- **Task statement**
Please repeat exactly the lines below from the line with "L’indagine congiunturale del" to the line with "hate crimes by", including both, and leave out every picture.

- **Data supplied**
┄┄┄┄┄┄

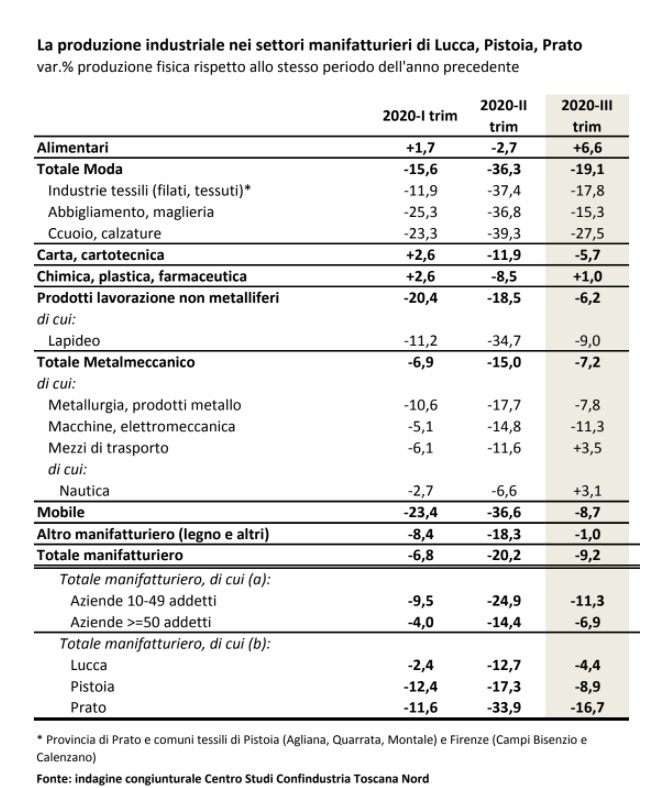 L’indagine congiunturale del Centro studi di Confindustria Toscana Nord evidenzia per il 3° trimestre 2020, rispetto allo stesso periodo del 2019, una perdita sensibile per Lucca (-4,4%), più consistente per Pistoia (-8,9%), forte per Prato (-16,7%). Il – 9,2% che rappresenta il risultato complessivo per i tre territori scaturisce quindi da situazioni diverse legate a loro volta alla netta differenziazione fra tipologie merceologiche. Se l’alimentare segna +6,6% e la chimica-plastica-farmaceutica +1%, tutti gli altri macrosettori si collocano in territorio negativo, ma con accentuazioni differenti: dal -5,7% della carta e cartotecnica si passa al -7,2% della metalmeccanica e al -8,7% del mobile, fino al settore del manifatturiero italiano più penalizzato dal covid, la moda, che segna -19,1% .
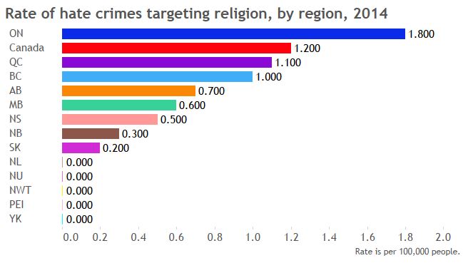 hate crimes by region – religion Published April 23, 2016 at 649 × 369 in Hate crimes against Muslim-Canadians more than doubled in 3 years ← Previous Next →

┄┄┄┄┄┄

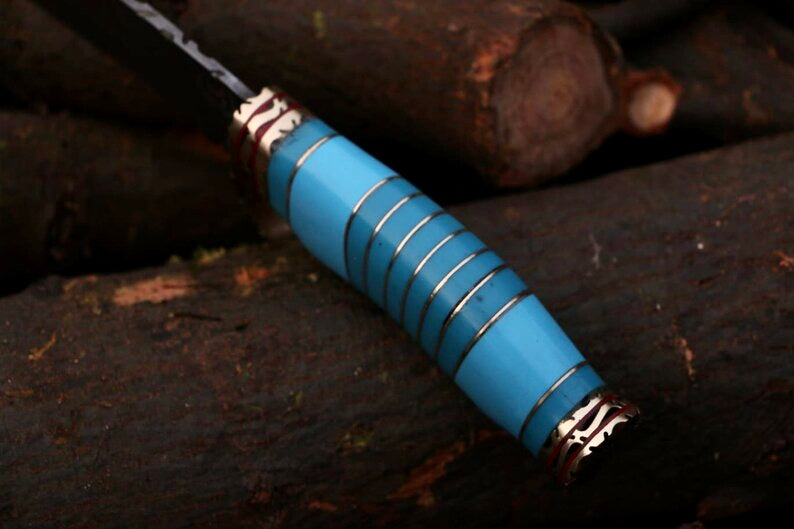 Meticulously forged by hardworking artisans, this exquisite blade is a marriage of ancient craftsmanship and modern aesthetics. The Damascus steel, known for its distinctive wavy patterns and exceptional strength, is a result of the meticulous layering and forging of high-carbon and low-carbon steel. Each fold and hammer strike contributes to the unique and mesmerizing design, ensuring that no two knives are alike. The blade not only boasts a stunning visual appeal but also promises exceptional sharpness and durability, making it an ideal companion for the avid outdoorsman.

┄┄┄┄┄┄

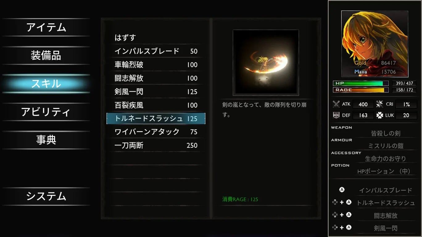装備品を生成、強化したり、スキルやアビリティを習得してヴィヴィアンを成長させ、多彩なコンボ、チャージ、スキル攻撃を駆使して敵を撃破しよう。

┄┄┄┄┄┄

- **Response box**
 L’indagine congiunturale del Centro studi di Confindustria Toscana Nord evidenzia per il 3° trimestre 2020, rispetto allo stesso periodo del 2019, una perdita sensibile per Lucca (-4,4%), più consistente per Pistoia (-8,9%), forte per Prato (-16,7%). Il – 9,2% che rappresenta il risultato complessivo per i tre territori scaturisce quindi da situazioni diverse legate a loro volta alla netta differenziazione fra tipologie merceologiche. Se l’alimentare segna +6,6% e la chimica-plastica-farmaceutica +1%, tutti gli altri macrosettori si collocano in territorio negativo, ma con accentuazioni differenti: dal -5,7% della carta e cartotecnica si passa al -7,2% della metalmeccanica e al -8,7% del mobile, fino al settore del manifatturiero italiano più penalizzato dal covid, la moda, che segna -19,1% .
 hate crimes by region – religion Published April 23, 2016 at 649 × 369 in Hate crimes against Muslim-Canadians more than doubled in 3 years ← Previous Next →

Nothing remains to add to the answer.